After recovering, Charlesworth followed the advice of his mentor, Professor Alexander Boyce Gibson and continued his postgraduate studies in 1953 at the Université Catholique de Louvain (UCL) in Belgium. This decision was based on the University’s reputation for excellence in both theology and contemporary continental philosophy. He was attracted in particular by the archives of Edmund Husserl, the German phenomenologist, which were based at UCL, and planned to write his dissertation on phenomenology. However his PhD supervisor, Professor Georges van Riet, insisted that Charlesworth undertake instead a critical study of linguistic analysis, bringing Charlesworth into productive contact with leading Wittgensteinian philosophers such as Elizabeth Anscombe and Peter Geach. Charlesworth gained his Doctorate in Philosophy, avec la plus grande distinction, from UCL in 1955 and was then appointed to a lectureship at the University of Auckland in 1956.

1950

Charlesworth was awarded the first Mannix Travelling Scholarship for overseas study in 1950, the same year he married Stephanie Charlesworth (née Armstrong). However, having contracted tuberculosis, Charlesworth was forced to delay taking up the scholarship and spent the next two years at the Gresswell Sanatorium in Victoria.

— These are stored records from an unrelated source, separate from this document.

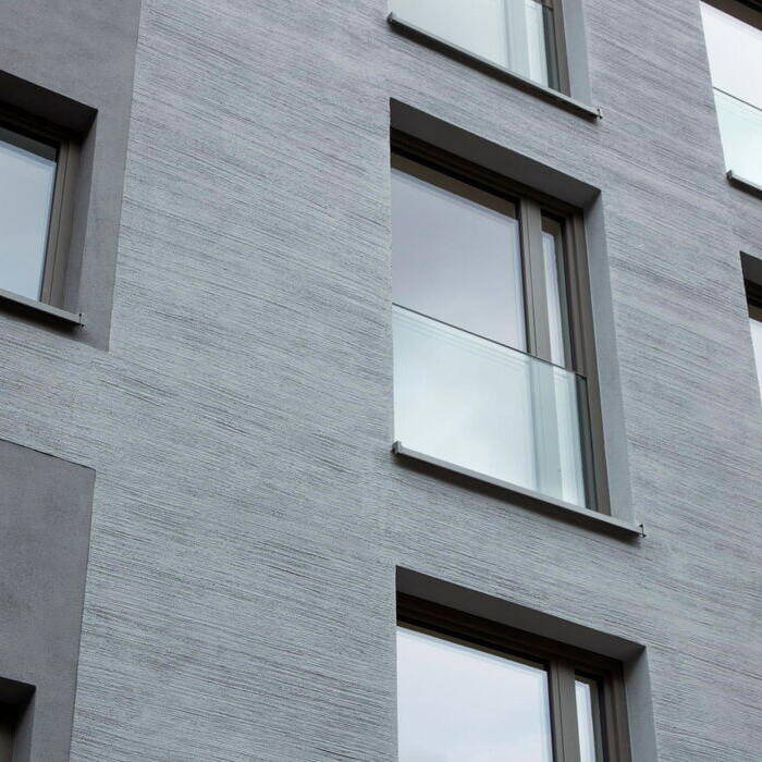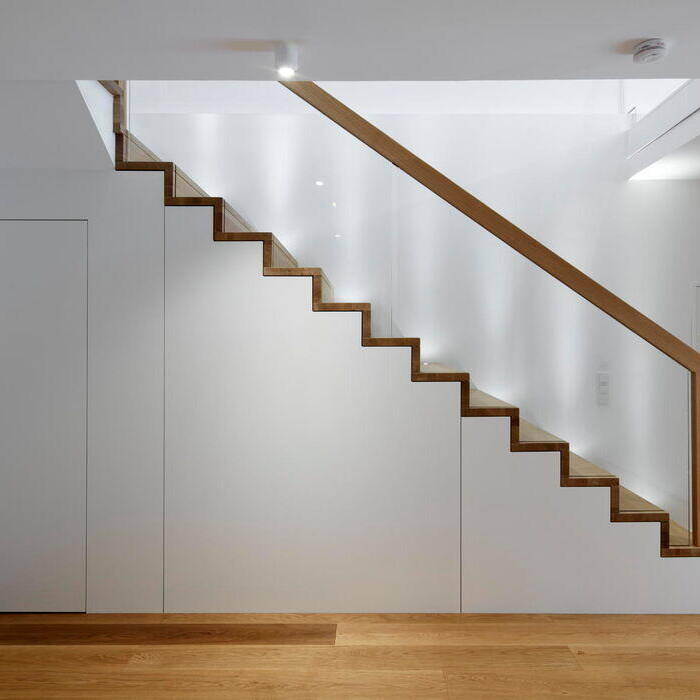 Zur Leitidee des Umbaus wurde der Gedanke, so weit wie möglich mit der vorgefundenen Bestandssubstanz zu arbeiten, diese weiter zu optimieren und – wo möglich – auch zu erweitern. Dadurch konnte nicht zuletzt neuer Raum für Wohnflächen erschlossen werden: So wurde durch den Ausbau des Untergeschosses und die Zusammenlegung mit dem Erdgeschoss eine großzügige Maisonettewohnung mit Terrasse und eigenem Garten geschaffen. Durch den kompletten Neuaufbau des Dachgeschosses konnte zudem eine Dachmaisonette über zwei Etagen entstehen, die sich mit ihren beiden garten- und straßenseitig angeordneten Dachterrassen in beide Richtungen mit Weitblick öffnet. Das in seinem Volumen überarbeitete Dachgeschoss greift dabei die Traufkanten der Nachbarhäuser der geschlossenen Blockrandbebauung auf. Aber auch die drei weiteren Wohnetagen bieten ein lichtdurchflutetes Durchwohnen von der Straße bis in den Garten. Die zur Gartenseite bereits vorhandenen bodentiefen Fensterfronten wurden dabei erhalten – zusammen mit den überdachten Loggien öffnen sie die Wohnungen in den beruhigten Gartenhof. Zur Straßenseite sah die Planung vor, die Fensterflächen zu vergrößern, so dass auch hier jetzt überwiegend bodentiefe Fenster für grüne Aussichten in den gegenüberliegenden Park sorgen. Im Zusammenspiel mit den Eichendielen und den weiß verputzten Wände ergibt sich ein angenehmes wohnliches Ambiente mit viel Außenkontakt. Die veränderten Fensterformate sorgen nach außen zugleich für ein neues Gesicht des Gebäudes zur Straße. Die Fassade, die energetisch ertüchtigt und mit einer nachhaltigen Mineralwolle gedämmt wurde, hat dabei einen Finish aus Kalkzementputz erhalten. Der Besenstrich erzeugt darauf ein plastisches Licht- und Schattenspiel.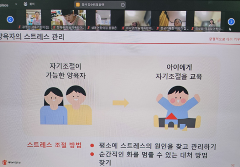 내용 : 아동과 권리의 이해, 아동권리 침해 행위와 문제 이해, 긍정적으로 아이키우기 개념을 통한 비폭력 양육의 중요성 이해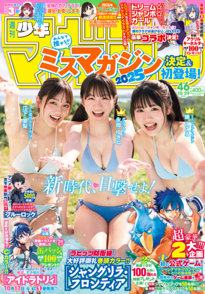 Várias modelos na capa em comemoração aos concursos de miss para a Weekly Shonen Magazine e a Young Magazine, porém a abertura de mangá vai para Shangri-la Frontier, obviamente com páginas coloridas, comemorando a popularidade do arco dos coelhos.
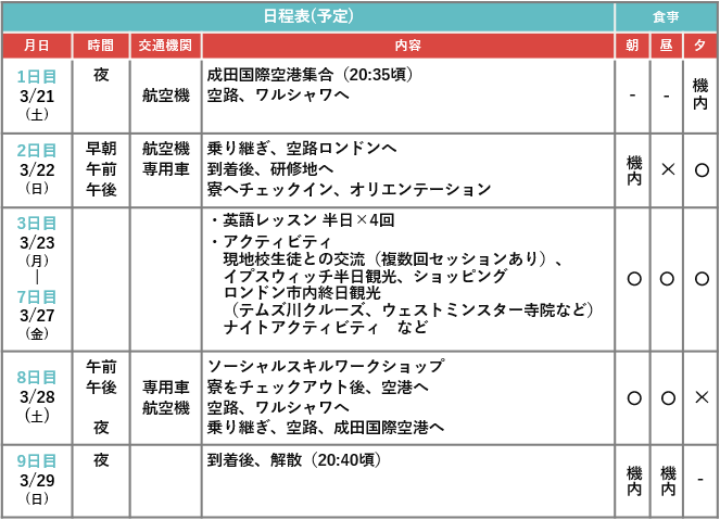 食事 [機内] 機内食 [○] 滞在先、手配あり [✕] 各自負担 (団体行動中に購入します)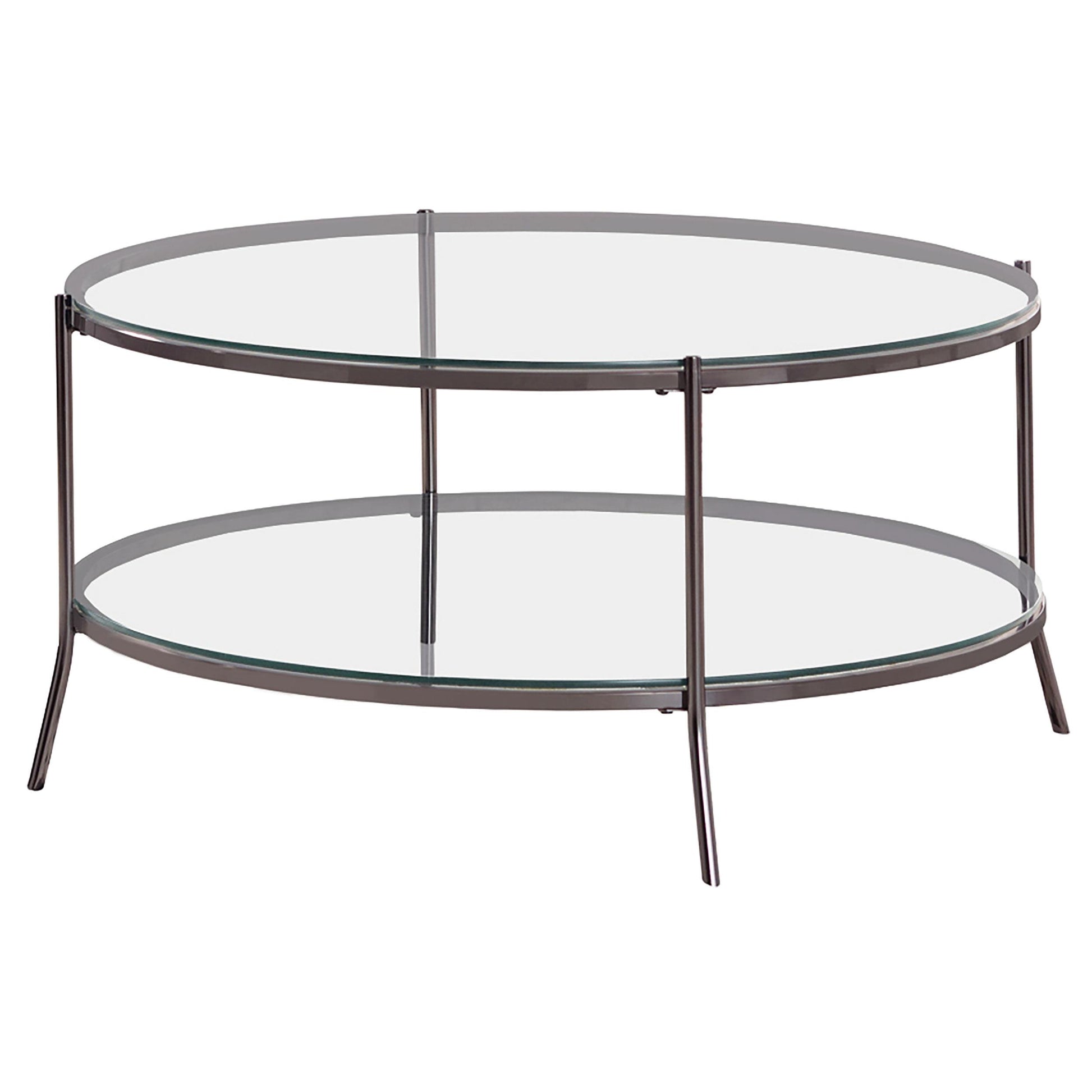 Laurie 1-shelf Glass Top Round Coffee Table Black Nickel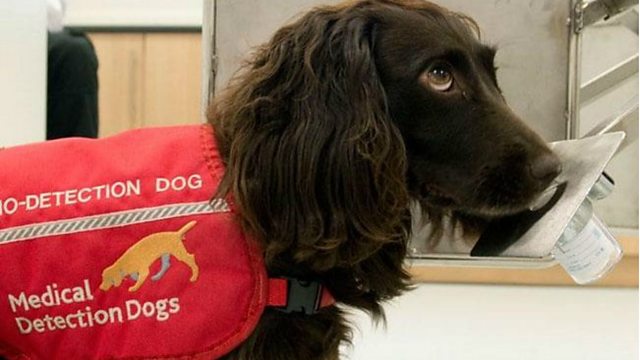 (Photo: A dog being trained to sniff out Parkinson's disease. Credit: Medical Detection Dogs)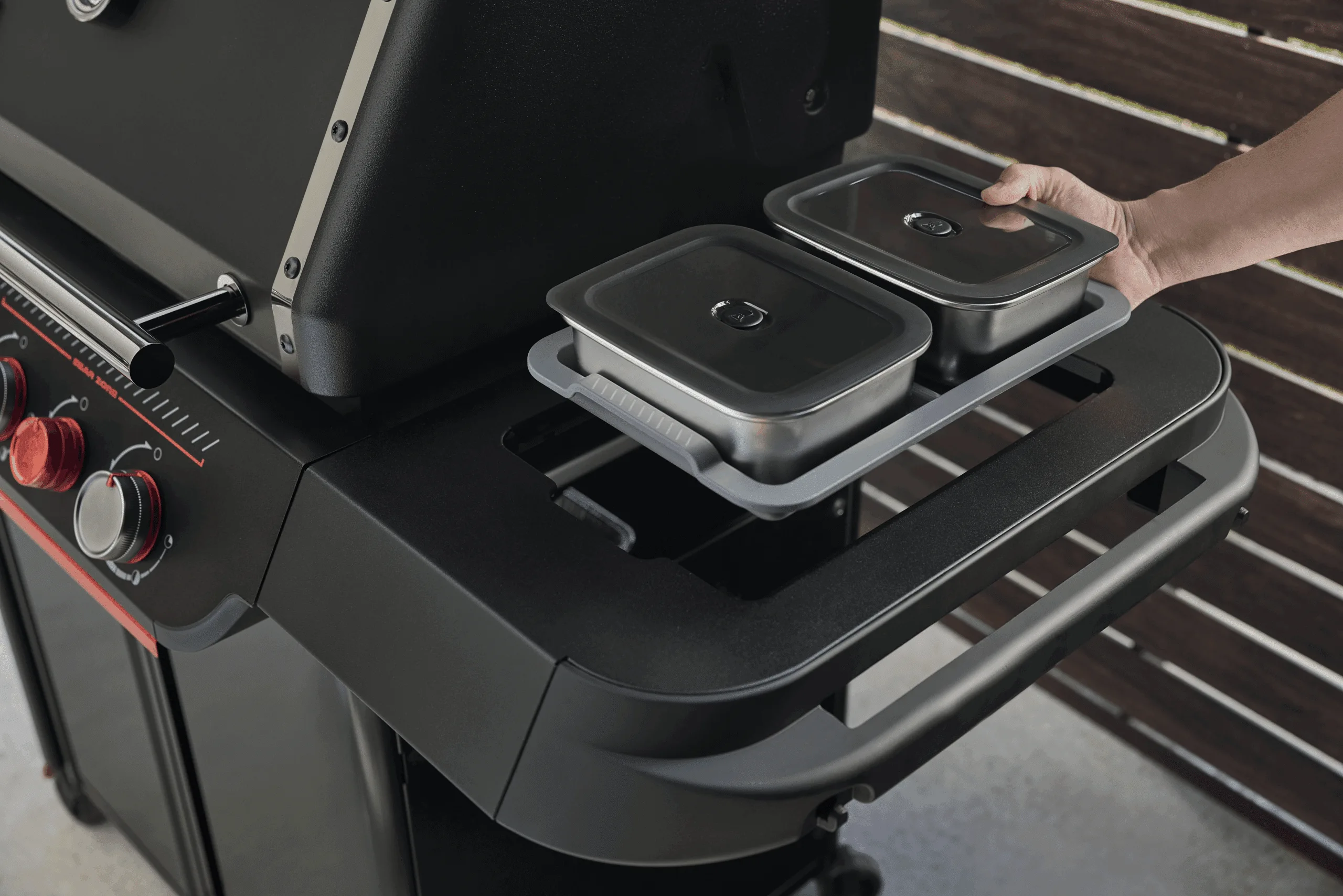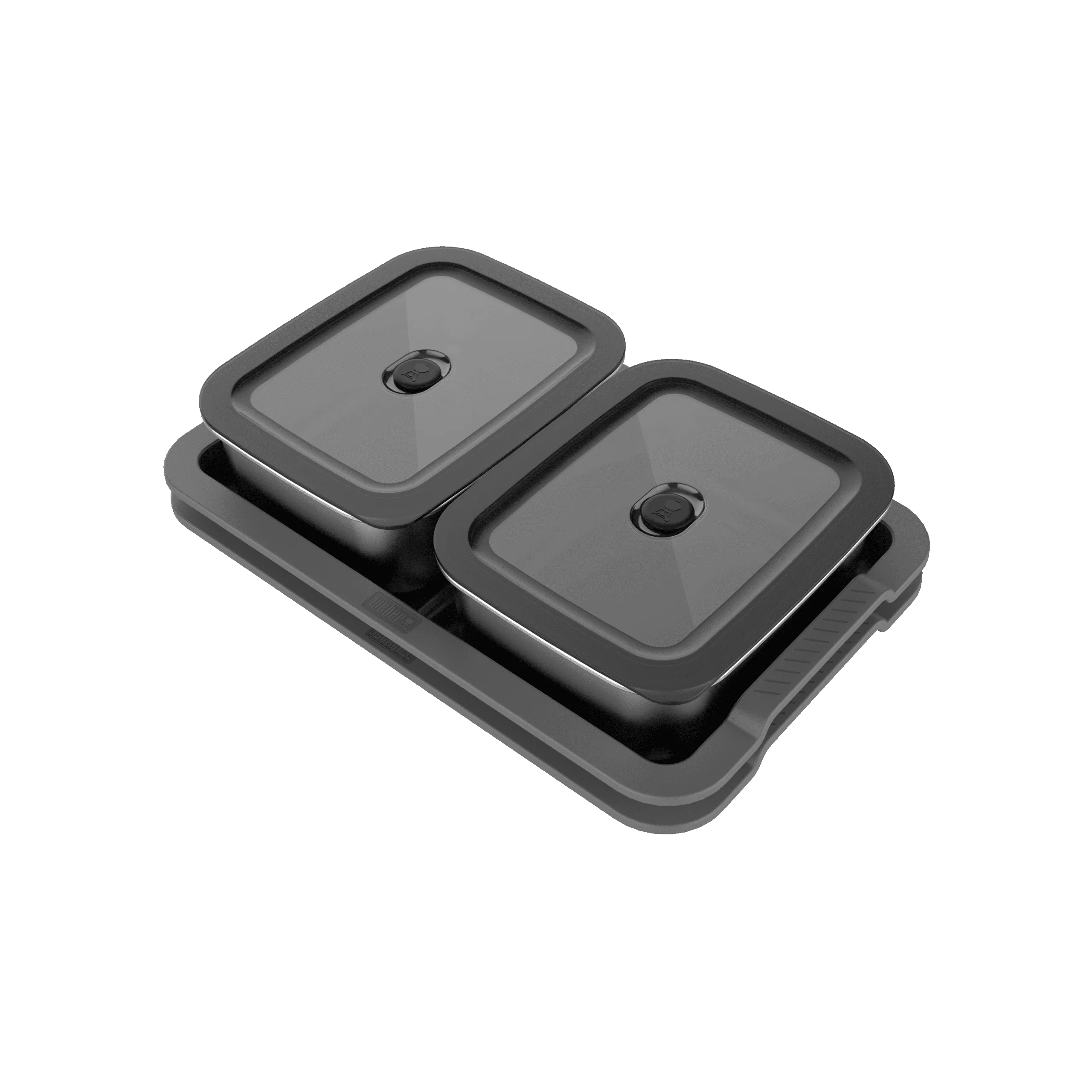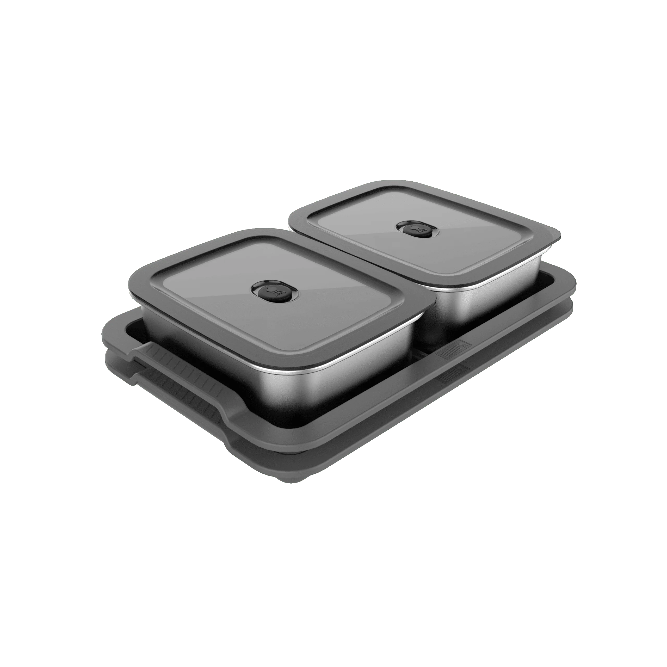 The kit includes two stainless steel prep containers with airtight, vented lids, each with a 1.8L capacity. These containers are ideal for storing marinated meats or chopped vegetables—keep them fresh, spill-free, and ready to go. The two divided serving trays drop directly into the Weber Works side table (on compatible Weber barbecues), giving you a clean and efficient workspace.

Charlesworth opposed the anti-communist ‘Movement’ during the 1950s and 1960s, led by B. A. Santamaria’s. He considered that the Movement’s insistence that Christian values should have a privileged place in society distorted the proper relationship between Church and State. Charlesworth aired his critique in the pages of the Catholic Worker, a journal he co-edited with Tony Coady in the late 1960s and early 1970s. The journal was denounced by members of the Catholic clergy and its distribution in Churches forbidden. Integrating his liberal philosophy with a progressive social vision, Charlesworth and other contributors to the Catholic Worker questioned the moral case for the Vietnam War and Catholic teachings on contraception, abortion, and divorce among others.

1925

Maxwell John Charlesworth AO FAHA (30 December 1925 – 2 June 2014) was an Australian philosopher and public intellectual. He taught and wrote on a wide range of areas including the philosophy of religion and the role of the Church in a liberal democratic society; Australian Aboriginal culture and religions; European philosophy from medieval to continental; bioethics and modern science’s role in society; and the philosophy of education. In 1990, he was made an Officer of the Order of Australia for his contributions to Australian society in the fields of education and bioethics.

Charlesworth was born in Numurkah, Victoria on 30 December 1925, the younger son of William and Mabel Charlesworth. He was educated at government schools in Numurkah, and then at Assumption College, Kilmore. Charlesworth moved to Melbourne to study at the University of Melbourne, obtaining a Bachelor of Arts with honours in 1946 and a Masters of Arts in 1948.